Something crams its way into Katsuki's throat - it feels vaguely like one of those socks that he stuffed into a bag, so many years ago - wet with the rain that had been tearing down from the sky. Sopping with the emotions that had been soaring through him as he packed.
But he's proud - he's an /idiot,/ really - and he chokes out a lame, "I /am/ home."

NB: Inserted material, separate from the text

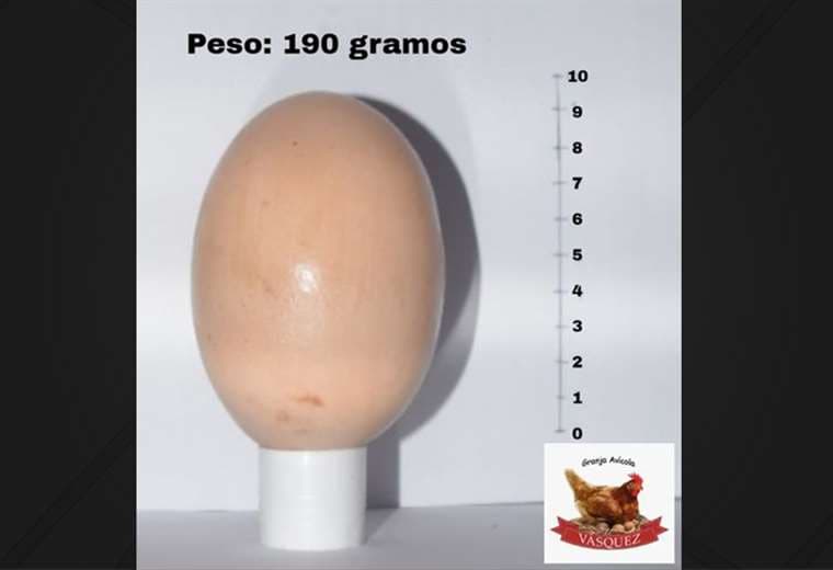 El huevo pesó 190 gramos y midió nueve centímetros. "Lo tenemos como trofeo porque es bastante curioso", relató Cristian Vásquez.

Eijirou stares at him, confident, sure, strong. He's a man now, and Katsuki still feels like that scared boy that ran away. Finally, he says, "I see."
Katsuki wants to hit himself in the face with the atlas sitting next to him, but he takes a deep breath, lets it out. This is Eijirou. This is the boy who used to be his best friend, standing here, staring at him. Katsuki should say something.
He opens his mouth to do so, but he doesn't get that far. Suddenly there are others, more people around their age, coming up with books to buy. Eijirou is obviously with them, but he stands at the back of the group, staring at Katsuki, quiet.
He holds his books to his chest - the one Katsuki recommended in there - as Katsuki checks out his friends, rings them up, watches them refuse the protective bag. As they pull on coats, get ready to brave the weather again.
Katsuki wants to stop him, wants to tell him to wait, to not go, but holy shit, what the fuck is he supposed to say? He never thought that he'd see him again. It's not like he had planned what he would say if he did. It's not like he had hoped, had dreamed...
The door opens and they start to leave, and Katsuki nearly fucking screams. He watches them shuffle through, Eijirou sending one last look back, holding his books ardently as he ducks out into the rain.

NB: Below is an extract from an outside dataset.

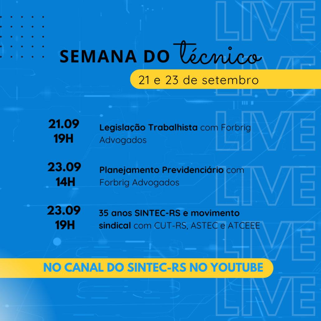 Nos dias 21 e 23 de setembro o SINTEC-RS realizará a Semana do Técnico, com programação online especial para o Dia do Técnico Industrial e para a comemoração de 35 anos do sindicato.

"Deku!" he shouts as the door closes.
"What?" the green-haired guy gasps, head poking out of one of the aisles, eyes wide. "Are you okay?"

Frantically scribbling on a piece of paper, Katsuki nods. "Yeah yeah I'm fucking /fine./ Come here, get the fuck over here, /hurry the fuck up you stupid nerd./"
Deku runs over, still holding the books to his chest that he had been stocking. "Are you okay? What? Did somebody steal something? You can't punch somebody else, it was almost a legal nightmare last time-"

"No, fucking- relax. I just need you to watch the counter for a second."
"Oh! Yeah, sure Kacchan, I can- whoa, are you okay-"

Before the idiot can finish, Katsuki is throwing his legs over the broken counter, sprinting for the door. He can't do this, he can't be an idiot, not again.
He throws the door out of his way as Deku calls out, ducks into the rain, the piece of paper held tight in one of his fists. It's really coming down, and he feels immediately soaked as he makes it three steps down the sidewalk, pauses.
Thunder rolls somewhere over the ocean as he looks back, to the right of the shop. There are people moving in both directions, but he has no idea which way Eijirou went.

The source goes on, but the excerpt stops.